Muay Thai, the newest power workout


Lord of Penmai
Jul 5, 2011
Muay Thai, the newest power workout

Muay Thai, a martial art from Thailand, is the newest power workout on the gym floor. Here's what it's all about

W hen Ajay Devgn wanted to polish up his fighting form for Singham, he turned to Muay Thai. So does John Abraham when he wants to mix up his exercise routine. As the days of kick-boxing and Capoeira wane, Muay Thai, a traditional martial art from Thailand, is finding popularity with the city's fitness chasers. What differentiates it from kick-boxing is that apart from just kicks and punches, says expert Biki Bora, Muay Thai teaches you body awareness, tactical use of your elbow and ends with meditation that aims at sharpening your senses.

What you lose
Muay Thai is an intense workout. You burn as many as 3000 calories an hour, at just beginner levels. This substantially increases as you go up the levels. The intention here is to hone every part of your body into a weapon and identify vulnerable areas of an opponent. The moves are designed to tighten and harden each muscle, not just the core ones. This toning and building of muscle mass ups the metabolic rate and sheds fat.

However, it'll need a work out thrice a week for three months before you see definite results. It helps if you have a core level of fitness beforehand, but it do if you just want to lose weight and tone up as well. Ask for a trial class to see if this is your cup of tea.

What you gain
Muay Thai begins with warmup exercises that focus on footwork, ducking, kicks, dips and punches. Then there are partner stretches that increase flexibility. With each level, the stretches get more intense and customised to your requirements. "Since Muay Thai is a warrior art," says Biki, "you are expected to have injuries and broken bones. Eventually, the warm-up is customised to soothe stiff muscles, knock joints back into position and take weight off weaker areas long enough for them to spring back into action."

Weights are brought in, at competitive levels. Strapped on to ankles or wrists as you do lifts and punches, these strengthen abdominal, calve and arm muscles.

A chunk of the work-out is partner work, where you emulate attack and counter-attack techniques in pairs. One of the partners holds foam paddles while the other practises moves; the defence's role is to anticipate and block the attack.

As you progress, you shed the paddles and learn to harden the muscles where you anticipate the attack. "Muay Thai makes your body so strong that if you are hit with an instrument, it should break; not you," says Biki.

You get a taste of this in the meditation phase. One of the exercises is to sit still and maintain eye contact with your opponent. As (s)he starts slapping you, you counter it by guessing which side you'll be struck and tightening the jaw or cheek muscles in response.
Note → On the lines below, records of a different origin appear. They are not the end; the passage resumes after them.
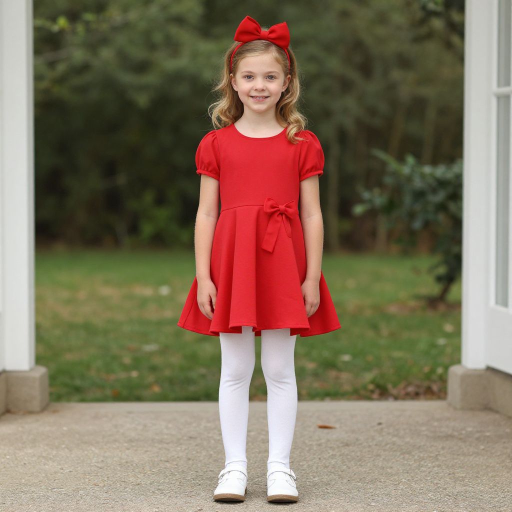 Photograph of a young girl with wavy blonde hair, wearing a red dress, white leggings, white shoes, and a red bow headband,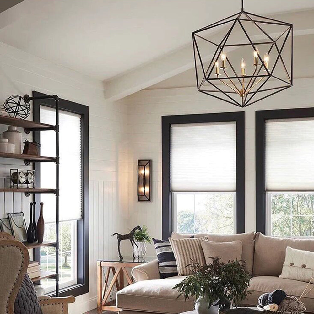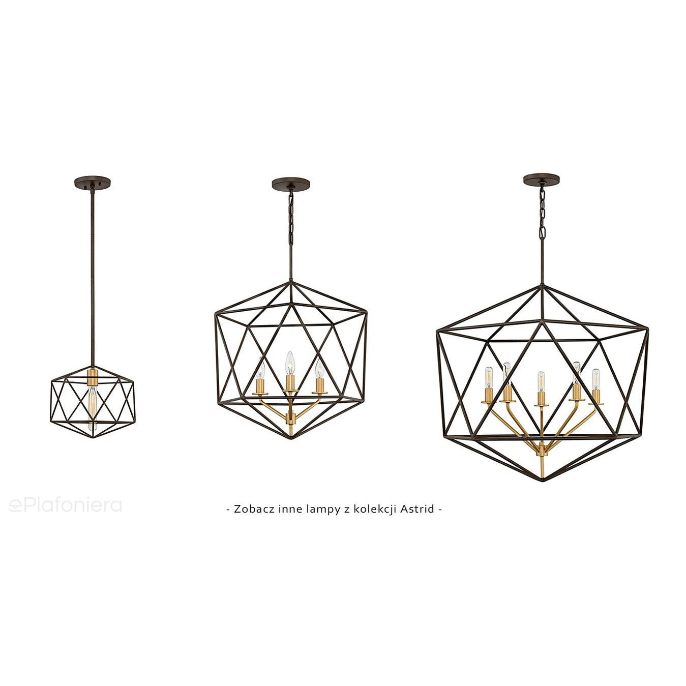 Nowoczesna lampa wisząca na łańcuchu, z pięcioma żarówkami na mosiężnej podstawie, wewnątrz ażurowej konstrukcji ułożonej z wielu trójkątów wykonanych ze stalowych prętów.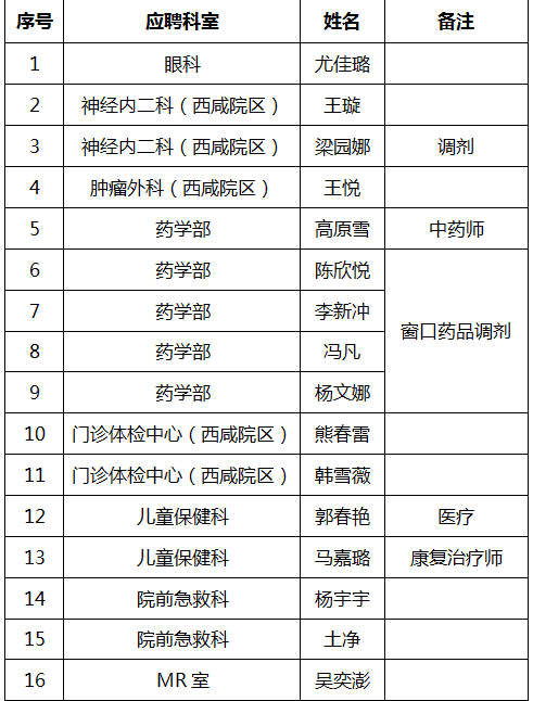 根据黑料网 《关于招聘合同制临床医技类岗位工作人员公告》,在纪检监察处的全程监督下,经岗位公布、报名登记、资格初审、笔试、面试等程序,拟聘用尤佳璐等33人到黑料网工作,现将结果予以公示。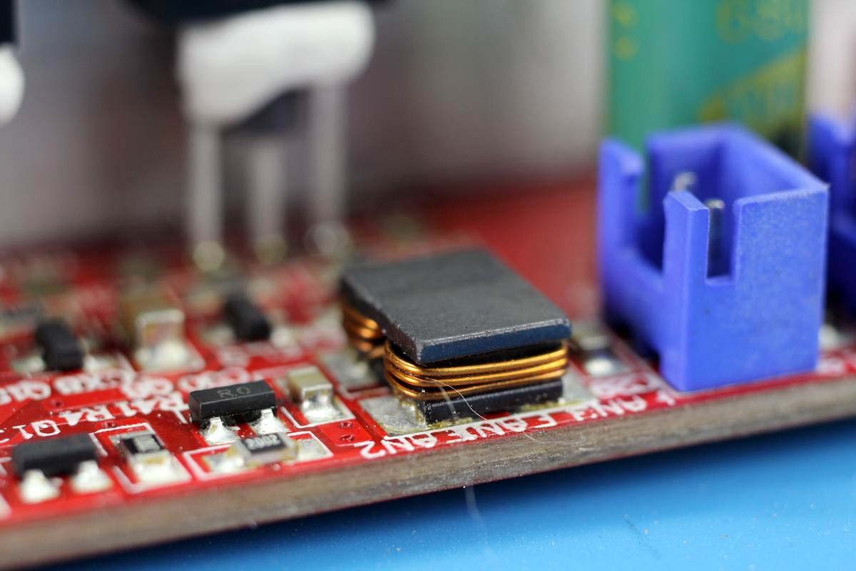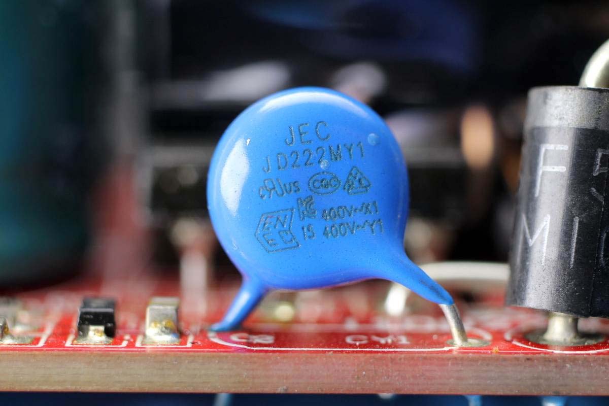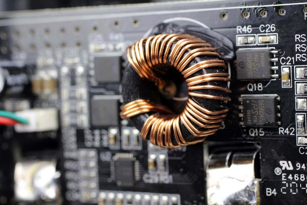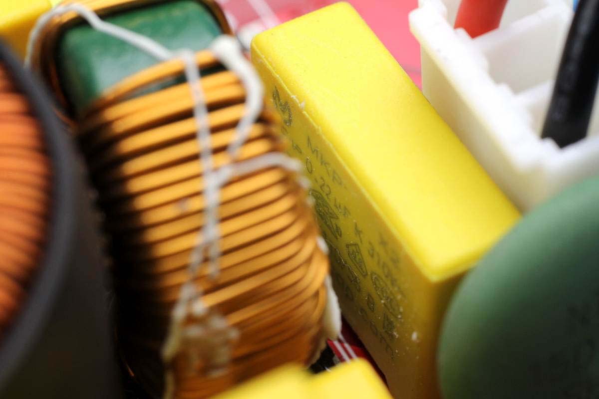 滤波电感外套绝缘管保护,周围有一颗共模电感以及多颗黄色的安规电容。

"Like yoga," says Biki, "even Muay Thai has a meditation component, but instead of trying to blank out the mind, the intention is to sharpen the senses and awareness." So when you sit in mediation, you don't try to empty your mind; instead, start to focus on your heartbeat, the throbbing of the jugular vein, the various layers of sounds in the environment - traffic, rustling of leaves, etc. You are urged to sense air currents and directions of the breeze. This sharpens the senses, which lead agility and bodily response when you are under attack. Which brings us to an important issue: Even if you don't care about toning up losing weight, Muay Thai can help you just become a b** a**. A few sessions will rig you up with self-defence moves that may not injure an assailant, but will certainly put him or her in an aggressively uncomfortable position. So handy if you commute using the local transport and are used to holding up your arms strategically the minute you leave home.

Self defence moves
- The point of the elbow is an unexpected weapon. If assaulted from the back, jab the elbow into the Adam's apple, or under the chin.

- The shin is vulnerable since it has no protective padding. A sharp kick using the heel of your foot, or a stiletto to this region will make a person stumble.

- If an attacker approaches you face on, give a quick jerk under his/her chin using the palm (fingers turned towards you). The movement should be a swift jerk upwards that will throw him/her off the balance.

- To immobilise an attacking arm, grip it with your index and pointer finger; thumb under wrist. Push down the palm using your own palm with such force that the assailant is forced to bend the elbow. This will lock it into place. For good measure, deliver a kick to the shin.